Earlier today, BleacherReport co-founder Bryan Goldberg raised $6.5 million to launch a new site geared toward women called Bustle.
Goldberg wrote a post announcing the new round on tech publication PandoDaily. But based on the looks of the comments, some people are clearly skeptical:
"A quick look editorially, and it looks like you're not doing any more than what Refinery29, Cut Blog, fashionista, Racked, Stylecaster, Fashionologie, BuzzFeed fashion, Jezebel, HuffingtonPost fashion, or any of the other hundreds of low-value fashion sites that already does what you're trying. Many of them can add writers just as quickly as you can." - excerpt from vFunct's comment
"Bustle sounds pretty interesting, and it's wonderful that you're hiring so many women. But I remain somewhat perplexed and frankly disturbed that VCs are more than willing to support these huge funding rounds to (obviously talented & experienced) MEN to create for a female audience while female entrepreneurs themselves receive less than 10% of all VC funding. Are there women on the founding team? Or are they all just employees? I didn't see a mention of that, specifically." - Cynthia Schames
"While I salute you as an entrepreneur able to build a real and healthy business in my industry, news-media, I have to say you don't make a very convincing case that you are a good CEO to run a feminist brand.

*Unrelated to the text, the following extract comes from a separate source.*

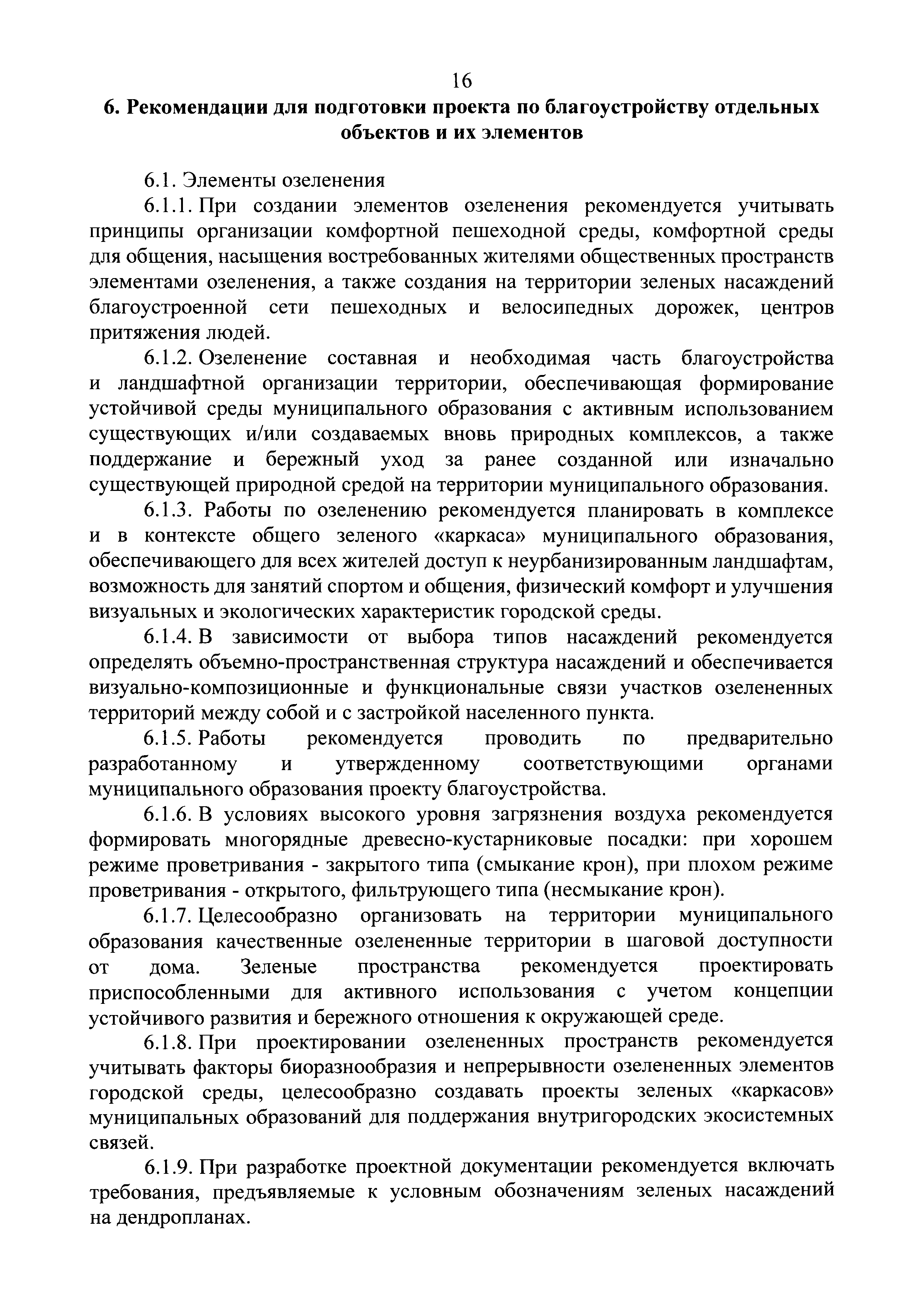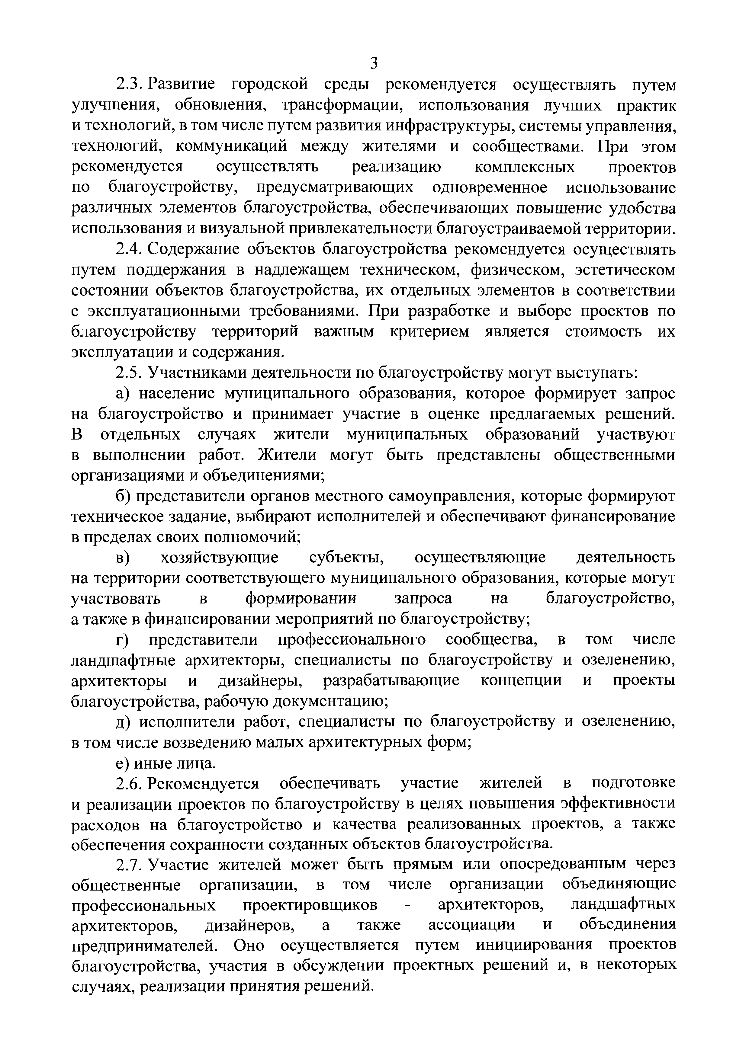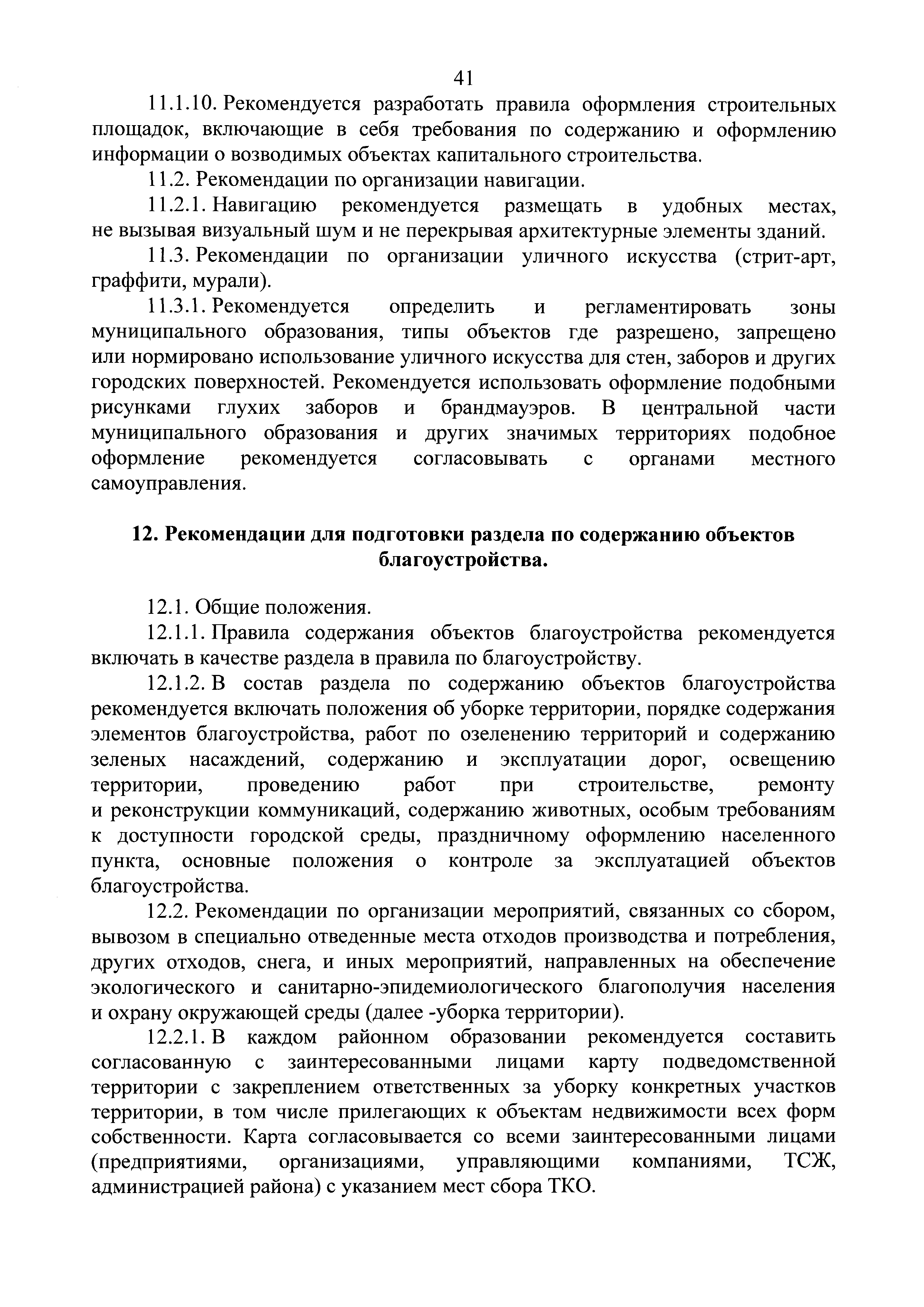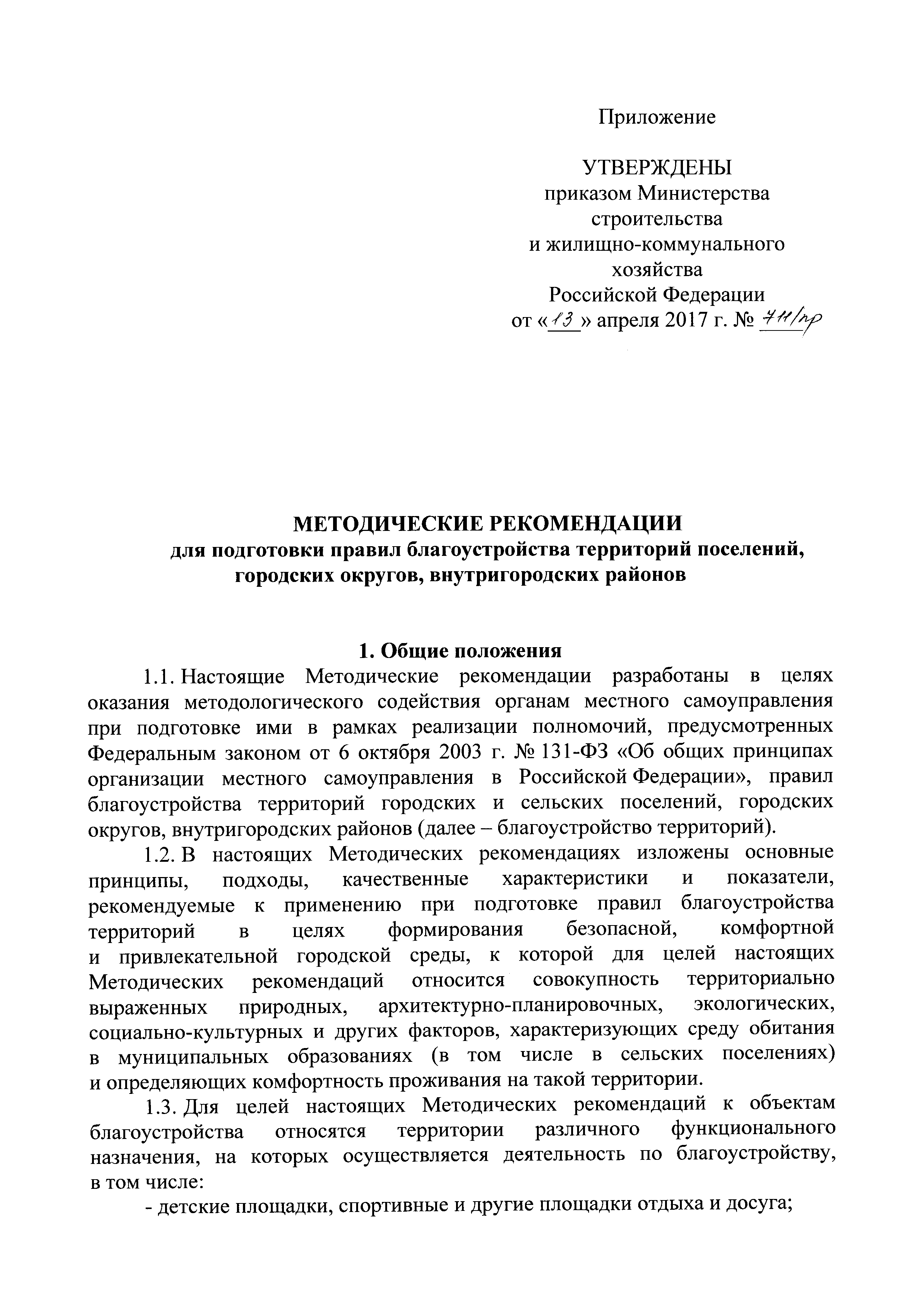 Методические рекомендации для подготовки правил благоустройства территорий поселений, городских округов, внутригородских районов| Статус: | действует | | Название рус.: | Методические рекомендации для подготовки правил благоустройства территорий поселений, городских округов, внутригородских районов | | Дата добавления в базу: | 05.05.2017 | | Дата актуализации: | 01.01.2021 | | Дата введения: | 13.04.2017 | | Оглавление: | 1. Общие положения 2. Общие принципы и подходы 3. Формы и механизмы общественного участия в принятии решений и реализации проектов комплексного благоустройства и развития городской среды 4. Перечень сводов правил и национальных стандартов, применяемых при осуществлении деятельности по благоустройству 5. Рекомендации для подготовки правил благоустройства 6. Рекомендации для подготовки проекта по благоустройству отдельных объектов и их элементов 7. Рекомендации для подготовки раздела правил благоустройства по благоустройству территорий общественного назначения 8. Рекомендации для подготовки раздела по благоустройству на территориях жилого назначения 9. Рекомендации для подготовки раздела по благоустройству территорий рекреационного назначения 10. Рекомендации для подготовки раздела по благоустройству на территориях транспортной и инженерной инфраструктуры 11. Рекомендации для подготовки раздела по оформлению муниципального образования и информации 12. Рекомендации для подготовки раздела по содержанию объектов благоустройства | | Утверждён: | 13.04.2017 Министерство строительства и жилищно-коммунального хозяйства Российской Федерации (711/пр)

First, you managed to name your company after a fashion that's ancient and was an obstruction to women who sought to move freely (the bustle). That name also feels derivative of the actually feminist magazine Bust. Secondly, you write: "My job, as CEO, is to hire the right people. My job is to know a lot of engineers, editors, venture capitalists, and salespeople — and to bring them together. Knowing the difference between mascara, concealer, and eye-liner is not my job." Knowing your targeted audience, and that these women (including myself) care about far more than cosmetics might be a good thing for you to include in your job description." - LoraKolodyny
Some commenters are clearly dumbfounded. Others are trying to better understand Bustle's main competitors.
From an advertising standpoint, Goldberg says that he sees Vogue, Hearst, and other large women's publishers as competition. He argues that while there are a lot of great women's sites out there, they can be very niche. Some that come to mind are Feministing, Autostraddle, Jezebel, and SheWired.
But despite concern from commenters, Goldberg maintains that Bustle writers aren't just going to write about cosmetics. He also argues that even though there could be better people to serve as the face of the company, not all of those faces would likely be able to achieve the same success with Bustle as he foresees.